隣家からはみ出してきた木の枝を切り取ることができる――。4月1日施行の改正民法により、枝の切除に関するルールが大きく変わることになりました。
改正される前は、竹木の所有者に請求して切ってもらうか、自分で切るにしても竹木の所有者の同意を得なければならない、というルールになっていました。
そのため、竹木の所有者を見つけることができない場合や、見つかっても切除しようとしない場合は、枝の切除請求訴訟を起こさなければなりませんでした。
そして、裁判で勝った上で、強制執行の申立をし、竹木の所有者の費用負担で第三者に切除させるという代替執行という手続きをしなければなりませんでした。

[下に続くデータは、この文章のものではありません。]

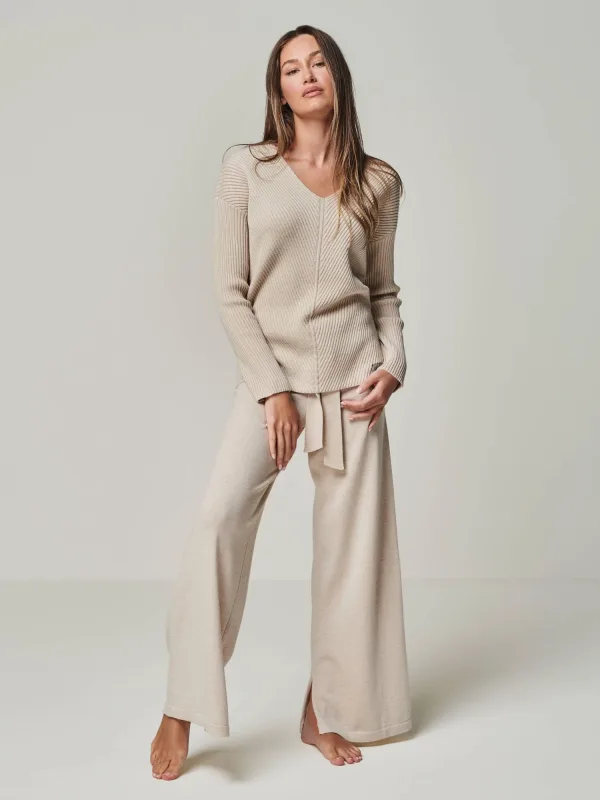YOU LOOK PERFECT Huispak ‘LOUNGEWEAR SET – Pullover Blossom & Pants Bailey’ beige
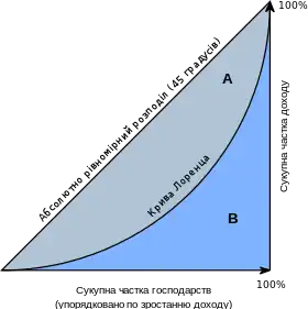 Якщо весь дохід є рівномірно розподілений, то крива Лоренца збігається з прямою повної рівності і значення коефіцієнта Джині рівне нулю.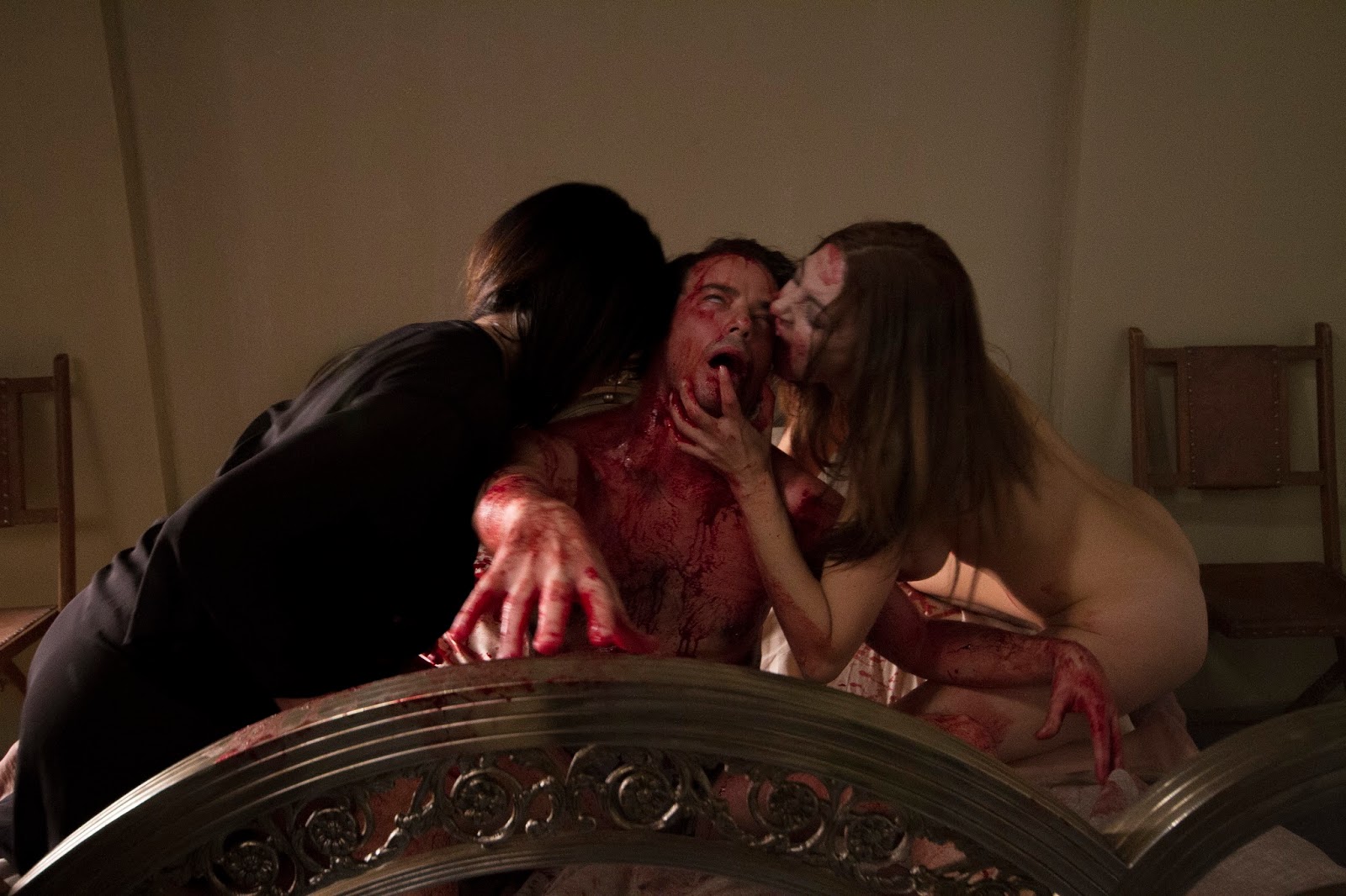 The next night Fran and Miriam bring in another victim to exsanguinate. When they are done with him they discover Ted locked in the cellar, and their weakened guest doesn’t mind the prospect of a potential threesome, even if the two women end up draining him of more than just his seed. After they’re finished with him and he’s in a dazed and confused state of phlebotomized stupor, Fran and Miriam feast on each other. Harriet has experienced going-ons at the mansion, mostly in the form of a mysterious scythe-wielding man (Antonio Mayans) skulking the environs, and decides to investigate. Her curiosity leads to her to mausoleum beneath the mansion, and the crypts wherein Fran and Miriam reside during the day. John returns from his morning excursion to find Harriet investigating the mansion, and leads her back to their tent moments before she’s bound to find the captive Ted. Fran and Miriam surmise that Harriet and John are posing too much of a threat and zone in on them. It might just be enough for Ted to plan his escape. The morning after his escape Ted is woken up by a real estate agent (Hilda Fuchs) and a senior couple (Conrado San Martín and May Heatherly) and learns that the mansion has been abandoned for decades.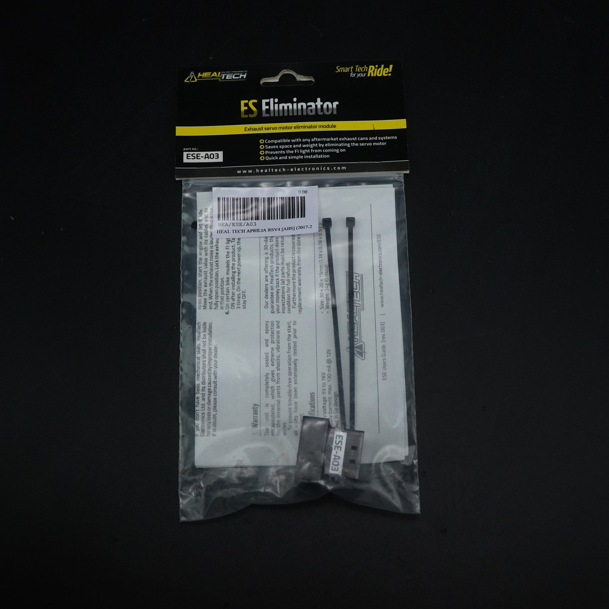 Healtech has thought of the trainers and enthusiasts who are facing these problems by creating the ESE (Exhaust Servo Eliminator - exhaust valve exclusion). With reduced weight (24 grams) and overall dimensions (30x20x13 mm) it contains a microprocessor that guarantees optimal operation and compatibility with different systems.

しかし、民法が改正されたことで、一定の条件が揃えば、竹木の所有者の同意を得ることなく、越境した枝を切除することができるようになりました。
どのような条件が揃えば、竹木の所有者の同意なく枝を切ることができるのでしょうか。
2023年4月1日から施行される改正法でも、まずは竹木の所有者に対して枝を切除するように求めるのが原則となっています。
ですが、切除が期待することができない次の3つのいずれかの場合に該当すれば、土地の所有者は、隣地から越境してきた枝を、自分で切除することができるとされています。
(1)土地の所有者が竹木の所有者に催告したにもかかわらず相当の期間内に枝の切除を行わない場合
(2)竹木の所有者を知ることができず、または所有者の所在を知ることができない場合
(3)急迫の事情がある場合
台風などの災害により枝が折れて隣地に落下する危険が生じている場合や、地震により破損した建物の修繕工事で足場を組むために隣地から越境した枝を切り払う場合などが想定されます。
改正法が施行される前、つまり2023年3月31日以前から存在していた枝にも適用されます。
枝の切除を請求できるのは、土地を所有している人に限らず、借りている土地に枝が越境してきた場合も、枝の切除を請求したり、場合によっては自分で切除したりできます。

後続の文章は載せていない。